- _Given data_:

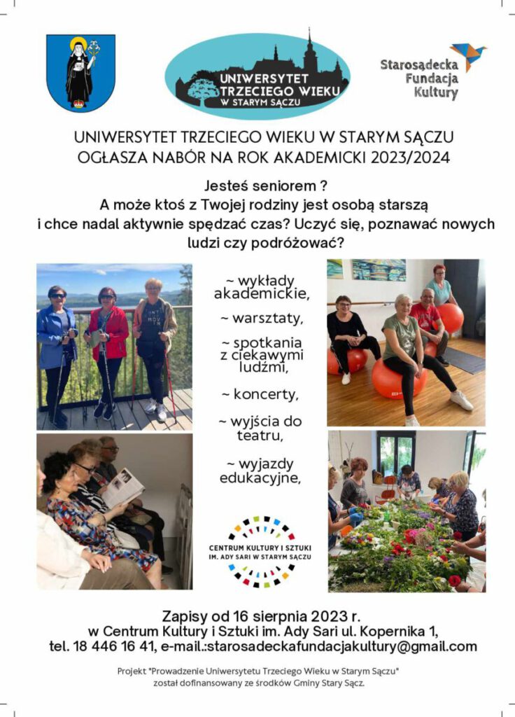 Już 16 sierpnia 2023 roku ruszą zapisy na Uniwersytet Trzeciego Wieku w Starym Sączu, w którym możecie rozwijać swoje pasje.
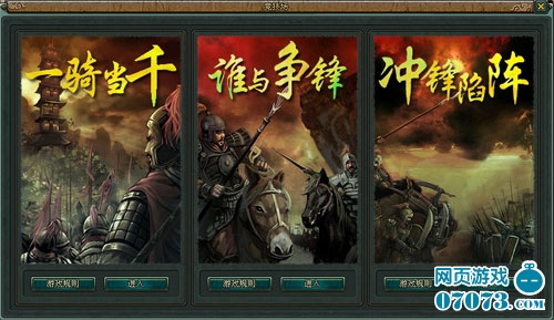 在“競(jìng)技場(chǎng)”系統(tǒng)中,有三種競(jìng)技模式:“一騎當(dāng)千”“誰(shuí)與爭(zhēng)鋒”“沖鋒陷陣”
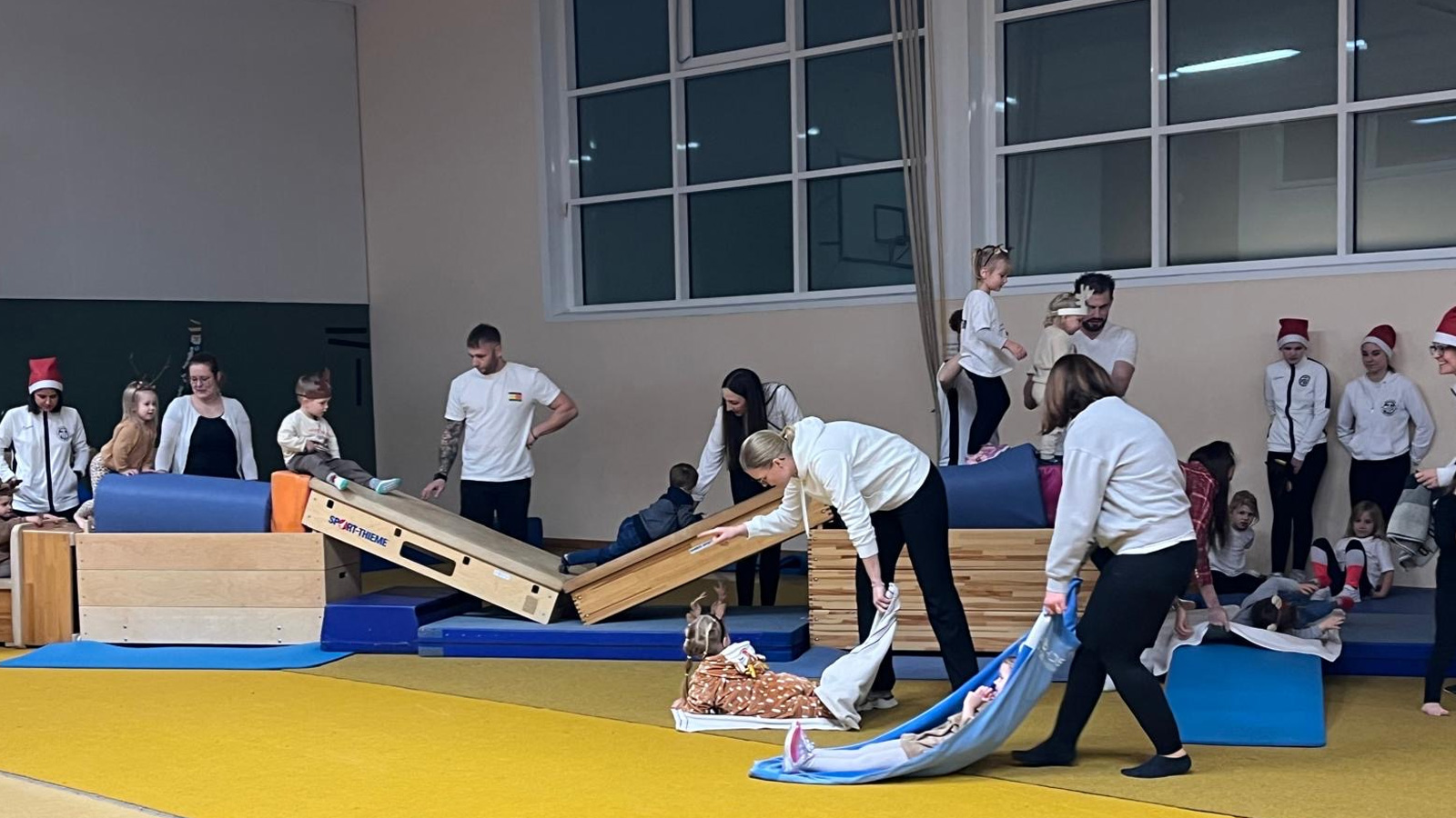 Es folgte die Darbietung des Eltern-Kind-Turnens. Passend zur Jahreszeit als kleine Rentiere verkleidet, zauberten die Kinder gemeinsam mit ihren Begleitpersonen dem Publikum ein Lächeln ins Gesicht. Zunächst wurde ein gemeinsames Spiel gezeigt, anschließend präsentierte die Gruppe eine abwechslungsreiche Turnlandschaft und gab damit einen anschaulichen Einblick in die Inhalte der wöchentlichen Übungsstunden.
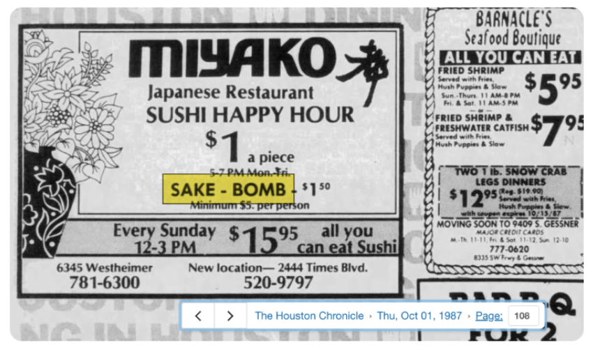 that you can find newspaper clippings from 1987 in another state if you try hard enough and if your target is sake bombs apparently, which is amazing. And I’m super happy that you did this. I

...

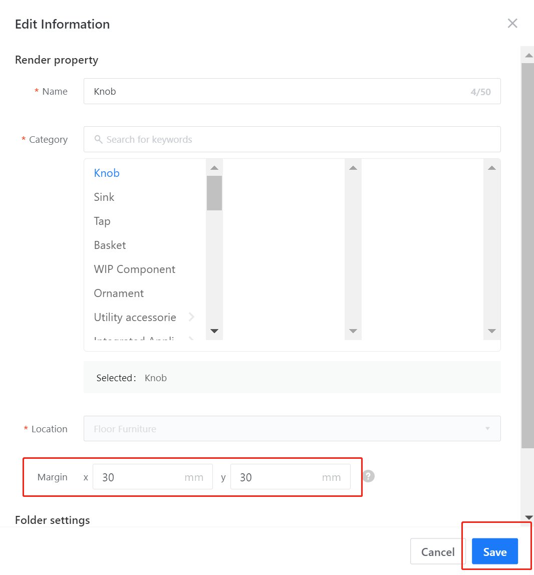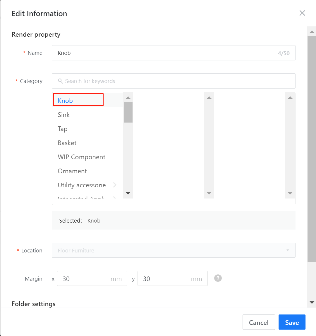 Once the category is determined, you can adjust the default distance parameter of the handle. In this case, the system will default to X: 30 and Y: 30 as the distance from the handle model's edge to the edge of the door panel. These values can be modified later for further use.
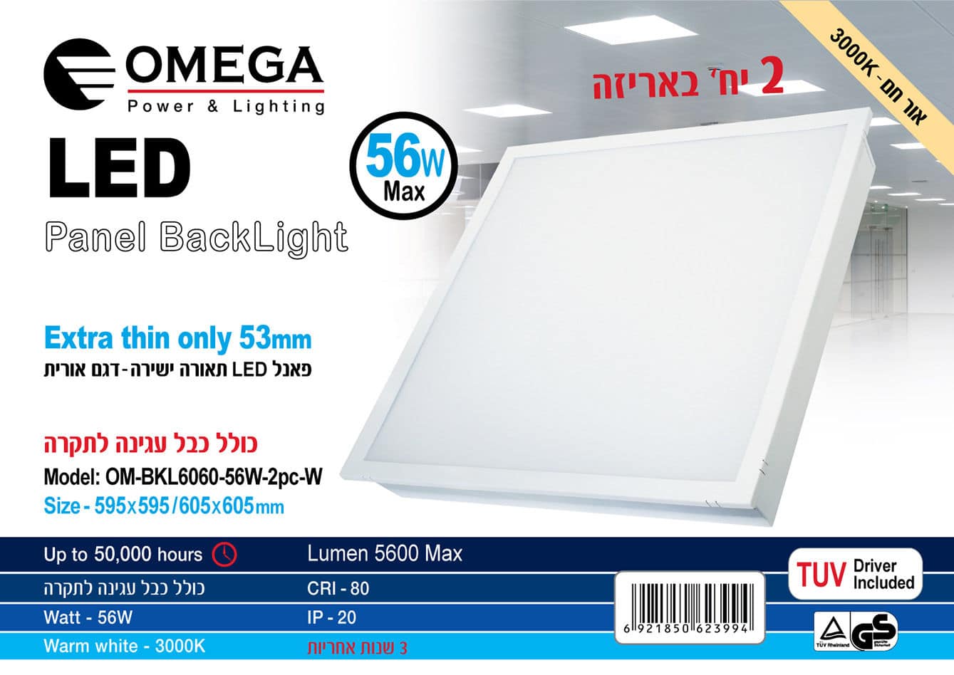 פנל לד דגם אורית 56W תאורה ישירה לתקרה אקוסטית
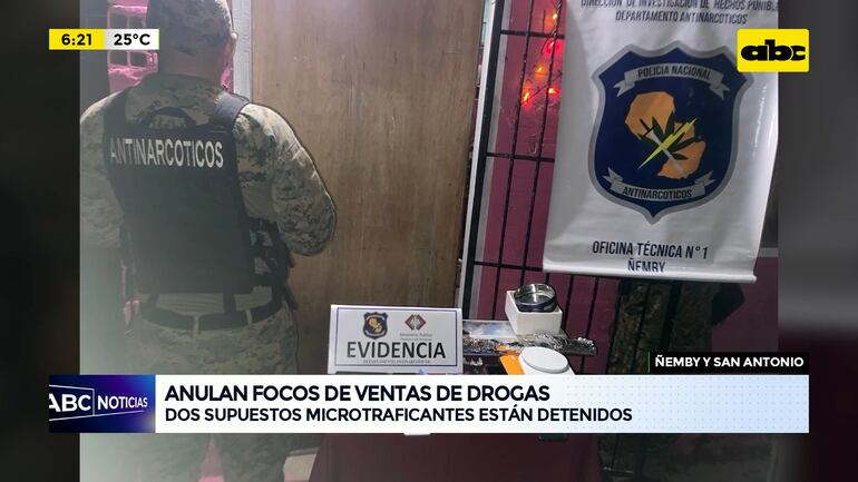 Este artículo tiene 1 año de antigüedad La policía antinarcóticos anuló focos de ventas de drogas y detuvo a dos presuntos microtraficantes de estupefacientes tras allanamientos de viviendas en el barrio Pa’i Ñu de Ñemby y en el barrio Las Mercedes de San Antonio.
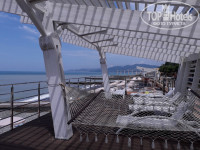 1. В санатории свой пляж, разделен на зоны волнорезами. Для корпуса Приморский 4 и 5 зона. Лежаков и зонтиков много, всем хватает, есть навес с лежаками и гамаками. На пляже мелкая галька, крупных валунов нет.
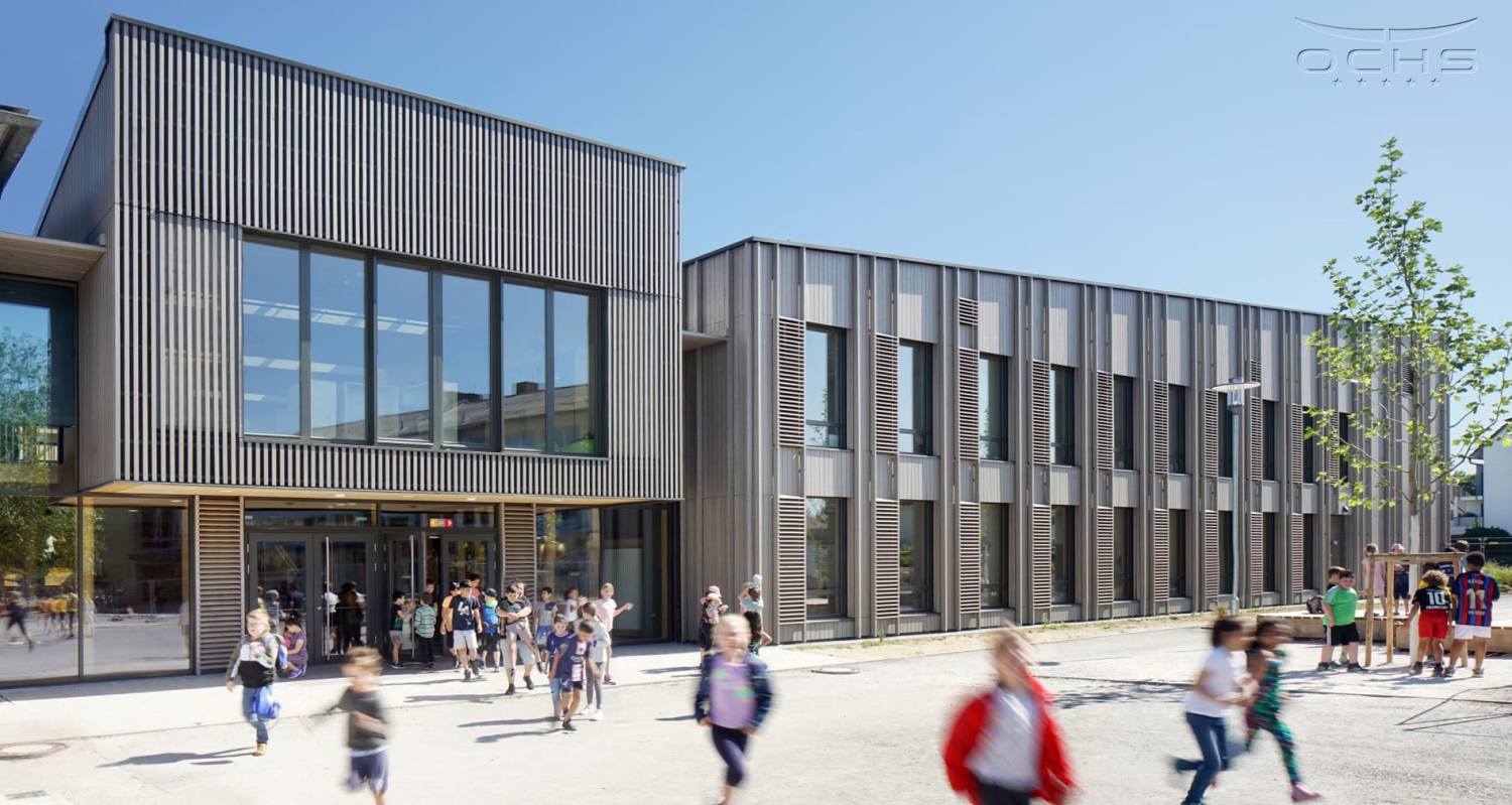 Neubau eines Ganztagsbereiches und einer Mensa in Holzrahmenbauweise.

- _Problem_: From the records above, transcribe only the stretch from the line with "1. В санатории" through the line with "Neubau eines Ganztagsbereiches", keeping both ends. Omit pictures.

- _Task solution_:
 1. В санатории свой пляж, разделен на зоны волнорезами. Для корпуса Приморский 4 и 5 зона. Лежаков и зонтиков много, всем хватает, есть навес с лежаками и гамаками. На пляже мелкая галька, крупных валунов нет.
 Neubau eines Ganztagsbereiches und einer Mensa in Holzrahmenbauweise.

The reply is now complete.